For the youth pheasant season, Game Commission personnel will stock 18,000 birds on 114 sites in 56 of the 65 counties where pheasants are stocked. An additional 2,000 pheasants will be divided and shipped to more than 30 sportsmen's clubs that have signed up to host a mentored youth pheasant hunt. Last year, 23 clubs hosted such hunts. Youth hunters, however, are not limited to hunting in only those areas where pheasants have been stocked. The pheasant stocking locations and pheasant hunting area maps are outlined on pages 26-29 of the 2004-2005 Pennsylvania Digest of Hunting and Trapping Regulations, as well as on the agency's website (

Other recent Game Commission initiatives to promote youth hunting opportunities include: a youth spring gobbler season that was held in 2004 for the first time; a youth pheasant hunt that began in 2002; a youth waterfowl hunt initiated in 1996; special antlerless deer harvesting opportunities initiated in 1998, and expanded in 2000; and youth field days implemented in the early 1990s. Also, as part of the license fee increase approved in 1998, the General Assembly created a junior combination license that packages regular license privileges with archery, flintlock and furtaking opportunities for $9, compared to the regular junior license price of $6.


While Pennsylvania's second youth spring gobbler season seems like a long way off - April 23, 2005 - Pennsylvania Game Commission Executive Director Vern Ross noted that now is the time for hunting clubs to consider whether they want to help maximize this opportunity for juniors by hosting a mentored youth hunt.

"To maximize this opportunity for young hunters, and to ensure we pass along the ethics and ideals of our hunting heritage, the Game Commission is urging local clubs to consider hosting a mentored youth spring gobbler hunt for the young people in their community," Ross said. "Experienced turkey hunters have much to offer young hunters who are just starting out. Also, it can be personally fulfilling to know that you are an active part of helping to pass along Pennsylvania's hunting and trapping heritage to a new generation."
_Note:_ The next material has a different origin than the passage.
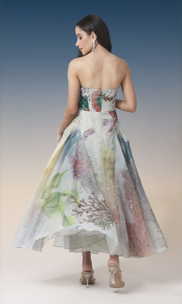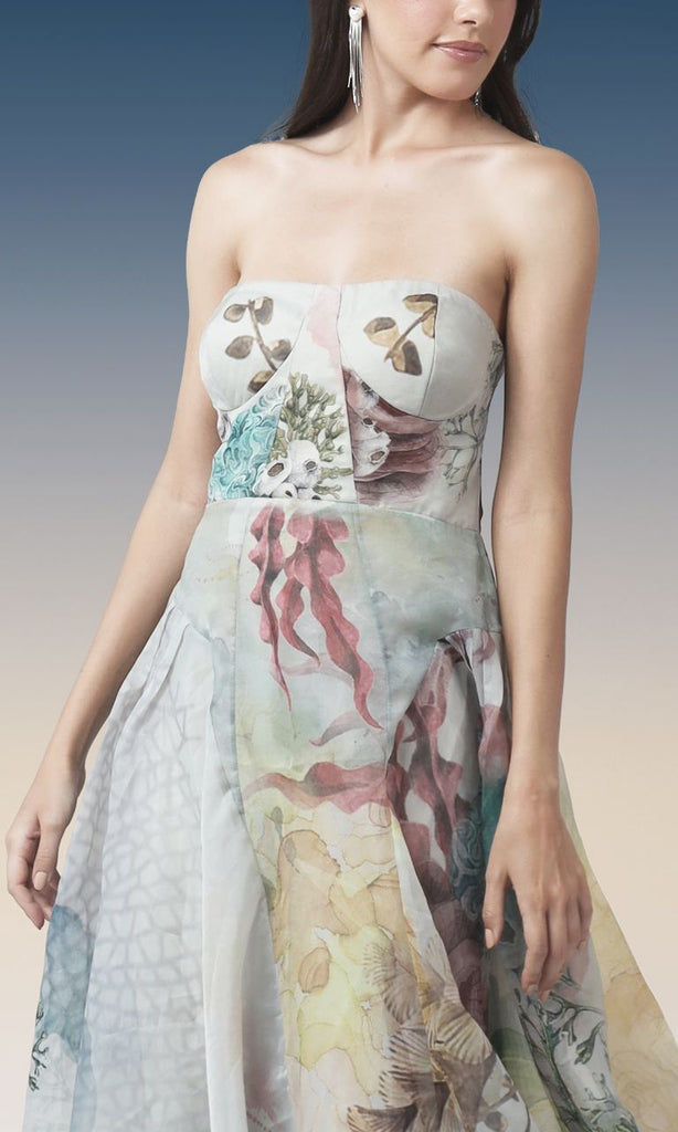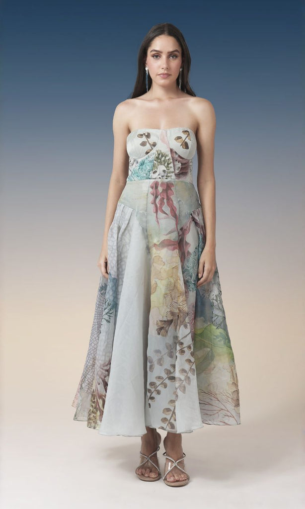 A graceful strapless midi dress featuring a soft pastel botanical print inspired by ocean florals and coral textures. Designed with a structured bodice and a gently flared skirt, this dress creates a flattering, feminine silhouette with beautiful movement. Light, airy, and artistic, it’s perfect for garden parties, resort wear, daytime celebrations, or elegant summer occasions.

Juniors participating in this special big-game hunting opportunity can learn from club members about scouting out good hunting locations and how to call turkeys. And, at the same time, clubs can benefit by demonstrating the importance and benefits for hunters to join a local organization.

Those clubs interested in hosting a mentored youth spring gobbler hunt are encouraged to make use of the 26-page planning guide originally prepared by the Game Commission and the Pennsylvania State Chapter of Pheasants Forever for the mentored youth pheasant hunt. The planning guide offers a step-by- step guide on how to develop an organized mentored youth hunt, and includes: a sample timeline; suggested committees and assignments; general event planning considerations; and several sample forms and news releases. It also includes event evaluation guides so clubs and organizations may consider changes for future mentored youth hunts.
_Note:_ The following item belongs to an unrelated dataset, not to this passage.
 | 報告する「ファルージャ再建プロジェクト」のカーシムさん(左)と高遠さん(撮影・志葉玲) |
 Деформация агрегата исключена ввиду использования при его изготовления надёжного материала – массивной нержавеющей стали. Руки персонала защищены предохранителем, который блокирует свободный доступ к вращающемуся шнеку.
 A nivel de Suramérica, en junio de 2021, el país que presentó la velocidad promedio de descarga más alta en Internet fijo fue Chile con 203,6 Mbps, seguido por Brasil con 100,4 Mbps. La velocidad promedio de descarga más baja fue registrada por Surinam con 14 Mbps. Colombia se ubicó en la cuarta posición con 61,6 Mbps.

The manual can be viewed on the agency's website (, by clicking on "Hunting & Trapping," then selecting "2004 Youth Pheasant Hunt," and then selecting "Planning Guide."

Lori Richardson, agency outreach coordinator and chair of the Game Commission's Youth Turkey Hunt Committee, said that to participate in the special hunt, youngsters must be 12 to 16 years of age, and must have successfully completed a Hunter-Trapper Education course. As required by law, an adult must accompany young hunters between 12 and 15 years of age.
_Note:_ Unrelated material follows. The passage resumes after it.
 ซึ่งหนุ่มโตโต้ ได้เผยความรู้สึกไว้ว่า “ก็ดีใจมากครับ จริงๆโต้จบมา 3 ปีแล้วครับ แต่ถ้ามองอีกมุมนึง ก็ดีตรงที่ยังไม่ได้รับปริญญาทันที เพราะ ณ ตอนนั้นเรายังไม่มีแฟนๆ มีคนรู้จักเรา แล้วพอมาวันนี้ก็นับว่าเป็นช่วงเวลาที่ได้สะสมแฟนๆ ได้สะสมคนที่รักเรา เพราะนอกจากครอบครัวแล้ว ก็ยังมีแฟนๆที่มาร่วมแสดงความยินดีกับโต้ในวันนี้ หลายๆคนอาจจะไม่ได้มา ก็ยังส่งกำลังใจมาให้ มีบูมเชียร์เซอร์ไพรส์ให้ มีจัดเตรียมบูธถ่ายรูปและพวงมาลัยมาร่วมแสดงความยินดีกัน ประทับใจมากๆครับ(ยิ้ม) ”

Richardson also noted that participants in the youth spring gobbler season also will be required to purchase a junior hunting license. The Committee recommended this requirement to ensure that all participants had passed a Hunter-Trapper Education course and to provide a method of tagging and reporting turkey harvest information via the report cards.

"By setting the youth spring gobbler hunt for April 23 - a week earlier than the start of the statewide spring gobbler season, young hunters will be afield at a time when the turkey population is at its highest level, before the birds are hunted by others and at the peak of gobbling activity," Richardson said.